I am trapped between this ogress and my overflowing trolley. I swivel my head trying to catch the attention of a human in uniform. I see the shoppers behind me shift impatiently from one foot to the other. A young mother tears open a packet of Maltesers to pacify her whingeing toddler but the bag splits and the contents shower the floor.
I hail the blue-haired checkout boy from aisle six who raises his index finger to indicate he’s on his way. He plonks a plastic triangle on his conveyor belt that reads: ‘Let us serve you at another location.’ His next-in-line customer sends me eye-daggers.
Teenage employee arrives at my stalled machine and huffs: “The self-service attendant just ducked off to the loo.

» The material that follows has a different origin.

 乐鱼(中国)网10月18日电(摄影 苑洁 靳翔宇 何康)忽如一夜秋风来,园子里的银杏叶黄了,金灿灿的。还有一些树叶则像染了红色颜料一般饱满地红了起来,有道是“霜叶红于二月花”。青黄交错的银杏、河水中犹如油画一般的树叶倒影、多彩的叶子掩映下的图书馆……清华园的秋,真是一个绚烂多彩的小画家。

Bloody machines can’t fix anything by themselves!” He swipes the screen with a plastic card and my electronic she-devil springs to life.
“Please scan your next item,” she says to me sweetly, but I know she’s just flirting with the checkout boy, because he pats her stainless steel rump and trudges back to his cash register.

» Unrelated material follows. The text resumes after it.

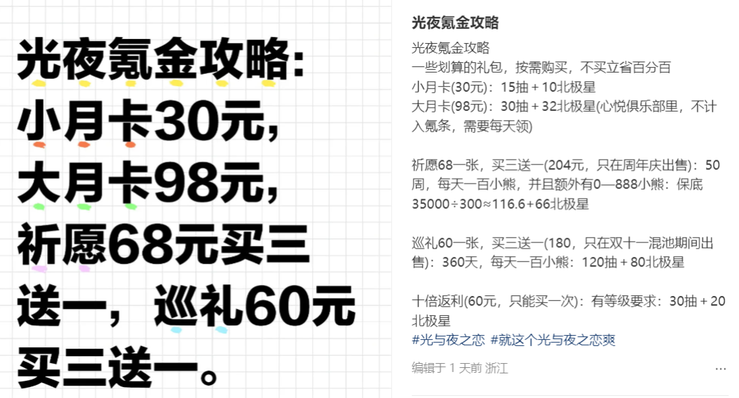 “光与夜之恋最近的礼包简直是眼花缭乱,68+128的礼包30号就下架了,混池之前的礼包大概是能有80抽的样子,双十一礼包性价比更高的估计大概只有98+198了,这个有60抽,那么需要从礼包上额外获得多于100抽的都可以先买起来啦!”

I am now embarrassed by the holdup. I resume scanning the contents of my trolley knowing a dozen pairs of impatient eyes are boring into my back.
“Remove unidentified object from bagging area” the she-robot barks.
“No,” I whisper urgently. “That’s the complimentary packet of pegs attached to this new washing powder.”
But she’s not buying my story and gleefully jams on her red light. I turn a shade of tomato myself. This can’t be happening! I lift out the washing powder and thrust the peg packet roughly up against her inky screen. “See!” I hiss. “They’re stapled on. The pegs come with it. It’s a sales gimmick!” And in a fit of pique I give her a secret kick with my left sneaker but she doesn’t flinch under her metal skirt.
The self service attendant, fresh from his toilet stop, marches over: “I saw that,” he chides me. I gaze across at the manned checkouts and realise every customer I began with has finished and gone. I look to my right; my neighbour is also looking aggrieved. His machine’s red light is now blinking a slow waltz with mine. “Having fun yet?” I say.
“I just want this damn packet of chewing gum!” he says. “It doesn’t weigh enough to register.”
“I’ve had it up to pussy’s bow with my machine, too. She’s been giving me a hiding.”
He nods sympathetically and points to his fem-bot who is chanting: ‘Select from popular items or look up item alphabetically.’
“With that kind of attitude,” he says, “no wonder she’s still on the shelf.”